__Recorded information__.
▽

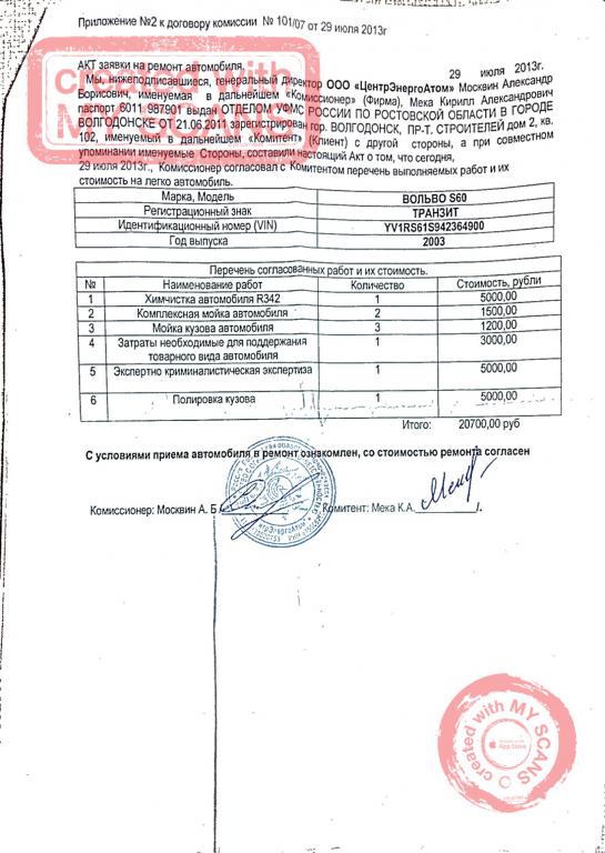 10. Приложение №2 акт заявки на ремонт. Уже с названия этой писульки ржать охота. Судя по пунктам 2 и 3 за два месяца должно быть 5 моек, соответственно если владелец заберет машину через пару дней то за неиспользованные мойки платить он не обязан. П.5 написан человеком с двойкой "па русскаму езыку", да и не имеет права комиссионер проводить экспертизы криминалистические ибо есть приказ МВД №1001, а согласно ст.780 ГК РФ исполнитель должен оказать услугу лично. Даже если какая-то экспертиза проводилась, то по ее результатам должно быть письменное заключение эксперта. В любом случае, выполненные работы должны быть оформлены актами, с противном случае платить за них не надо.
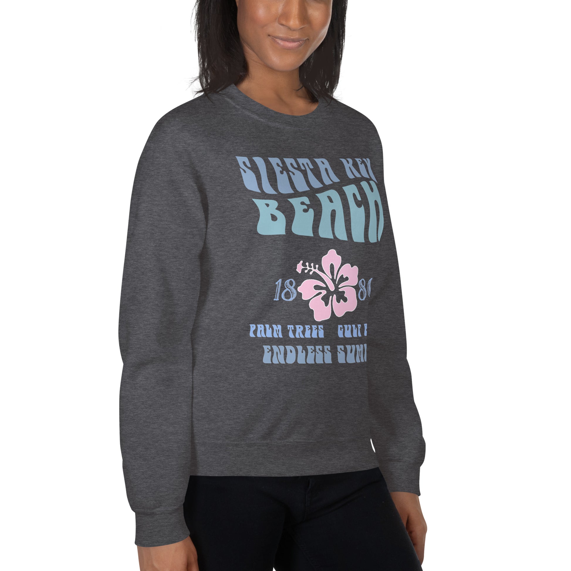 Siesta Key Front Print Hibiscus Vintage Style Sweatshirt Unisex
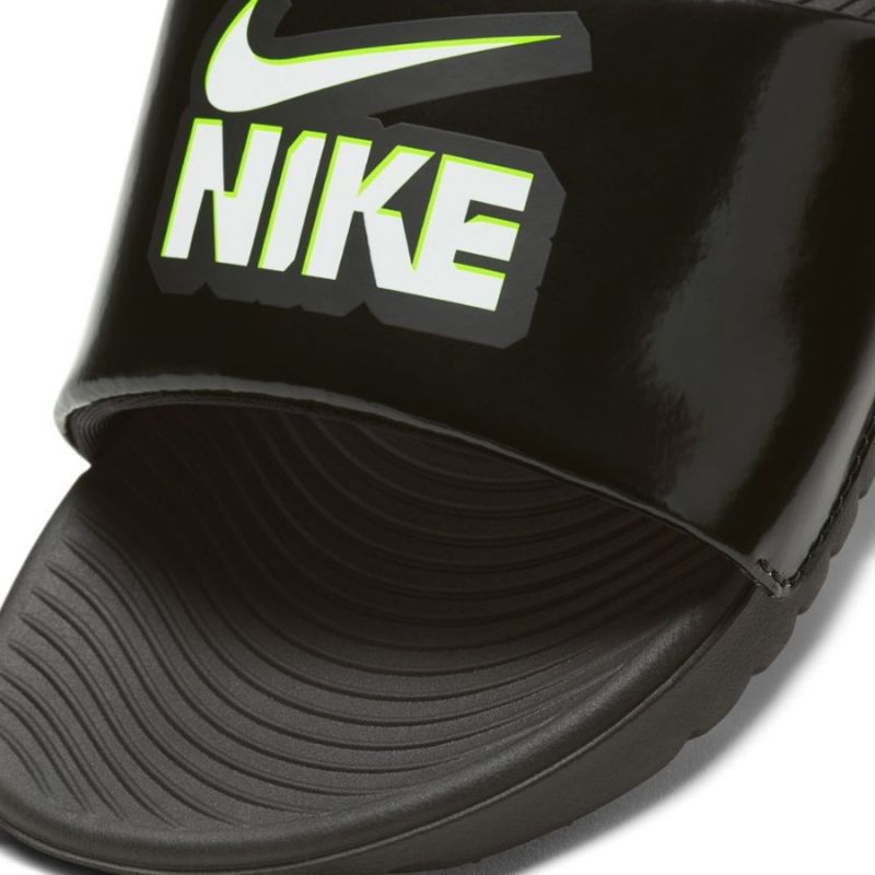 În plus, șlapii au tăieturi ondulate, flexibile în talpa exterioară, care permit piciorului să se miște în mod natural, ceea ce este extrem de important, mai ales pentru copiii activi. Șlapii sunt disponibili într-o culoare neagră elegantă, cu logo-ul caracteristic Nike, ceea ce îi face să se potrivească perfect cu orice stil de vară.

△

__Exercise__.
The finished answer is an exact repetition of the listing, with every picture removed.

__Solution to the problem__.
 10. Приложение №2 акт заявки на ремонт. Уже с названия этой писульки ржать охота. Судя по пунктам 2 и 3 за два месяца должно быть 5 моек, соответственно если владелец заберет машину через пару дней то за неиспользованные мойки платить он не обязан. П.5 написан человеком с двойкой "па русскаму езыку", да и не имеет права комиссионер проводить экспертизы криминалистические ибо есть приказ МВД №1001, а согласно ст.780 ГК РФ исполнитель должен оказать услугу лично. Даже если какая-то экспертиза проводилась, то по ее результатам должно быть письменное заключение эксперта. В любом случае, выполненные работы должны быть оформлены актами, с противном случае платить за них не надо.
 Siesta Key Front Print Hibiscus Vintage Style Sweatshirt Unisex
 În plus, șlapii au tăieturi ondulate, flexibile în talpa exterioară, care permit piciorului să se miște în mod natural, ceea ce este extrem de important, mai ales pentru copiii activi. Șlapii sunt disponibili într-o culoare neagră elegantă, cu logo-ul caracteristic Nike, ceea ce îi face să se potrivească perfect cu orice stil de vară.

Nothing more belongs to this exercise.